1. Write an upload script to `/tmp/synapse_upload_<name>.py` using `BackendClient`
2. Submit: `synapse script submit /tmp/synapse_upload_<name>.py`
3. Tell user: `synapse script logs <job-id> --follow` to monitor

### Script Pattern

```python
#!/usr/bin/env python3
"""Upload script — adapt to dataset structure."""
import os
from pathlib import Path
from synapse_sdk.clients.backend import BackendClient

client = BackendClient(
    base_url=os.environ['SYNAPSE_HOST'],
    access_token=os.environ['SYNAPSE_ACCESS_TOKEN'],
)

# 1. Fetch specs
dc = client.get_data_collection(<DC_ID>)
specs = dc['file_specifications']

# 2. Walk source, group files into data units
#    (adapt grouping logic to the specific dataset)

# 3. Upload files
result = client.upload_files_bulk(all_file_paths, max_workers=32)

# 4. Create data units in batches
#    'meta' is optional but recommended — if the collection has a
#    data_unit_meta_schema, meta MUST conform to it or creation will fail.
client.create_data_units([{
    'data_collection': <DC_ID>,
    'files': {spec_name: {'checksum': checksum, 'path': filename}},
    'meta': {'name': group_key, ...},  # populate from Excel, filenames, user input, etc.
}])
```

### Key SDK Methods

| Method | Purpose |
|--------|---------|
| `client.get_data_collection(id)` | Fetch specs, meta schema (`dc['meta']['data_unit_meta_schema']`) |
| `client.upload_files_bulk(paths, max_workers=32)` | Upload files via presigned URLs with parallel workers |
| `client.create_data_units(data)` | Link uploaded files to data collection as data units (each entry can include `meta`) |
| `client.get_default_storage()` | Get default storage config |
| `client.get_storage(id)` | Get specific storage config |

### Submission

```bash
# Submit script (returns job ID immediately)
synapse script submit /tmp/synapse_upload_<name>.py

# Submit with extra requirements
synapse script submit /tmp/synapse_upload_<name>.py -r requirements.txt
```

Tell the user how to monitor after submission:

```bash
# Stream logs in real-time
synapse script logs <job-id> --follow

# Check logs later
synapse script logs <job-id>

# Stop a running job
synapse script stop <job-id>
```

The script runs on the agent's Ray cluster with auto-injected `SYNAPSE_HOST` and `SYNAPSE_ACCESS_TOKEN` and storage mount access.

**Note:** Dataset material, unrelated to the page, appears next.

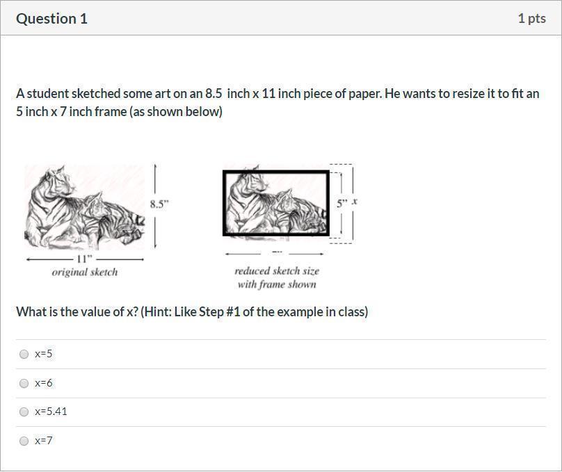 ORIGINAL/NEW = 11"/7" = 8.5"/x

## Large Dataset Strategies (10K+ files)

1. **Sample, don't enumerate**: Look at 2-3 representative subdirs, then infer the pattern
2. **Use glob patterns**: Count files instead of listing them
3. **High batch size**: Set `creating_data_unit_batch_size` to 50-100 for faster data unit creation
4. **Job mode**: Use `--mode job` for long uploads to avoid CLI timeouts
5. **Tell user how to monitor**: `synapse script logs <job-id> --follow`
6. **organize_files_by_pattern**: For the ai-upload-plugin, use the batch tool with glob patterns and a grouping regex

## Batch Pattern Organization (ai-upload-plugin)

For large datasets, use `organize_files_by_pattern` with:

```json
{
  "root": "/data/patients",
  "file_rules": [
    {"pattern": "**/img/*.png", "spec_name": "image_1"},
    {"pattern": "**/json/*.json", "spec_name": "label_1"}
  ],
  "group_key_regex": "(.+?)/(?:img|json)/",
  "dataset_key_template": "{group_key}"
}
```

This processes thousands of files without enumerating each one individually.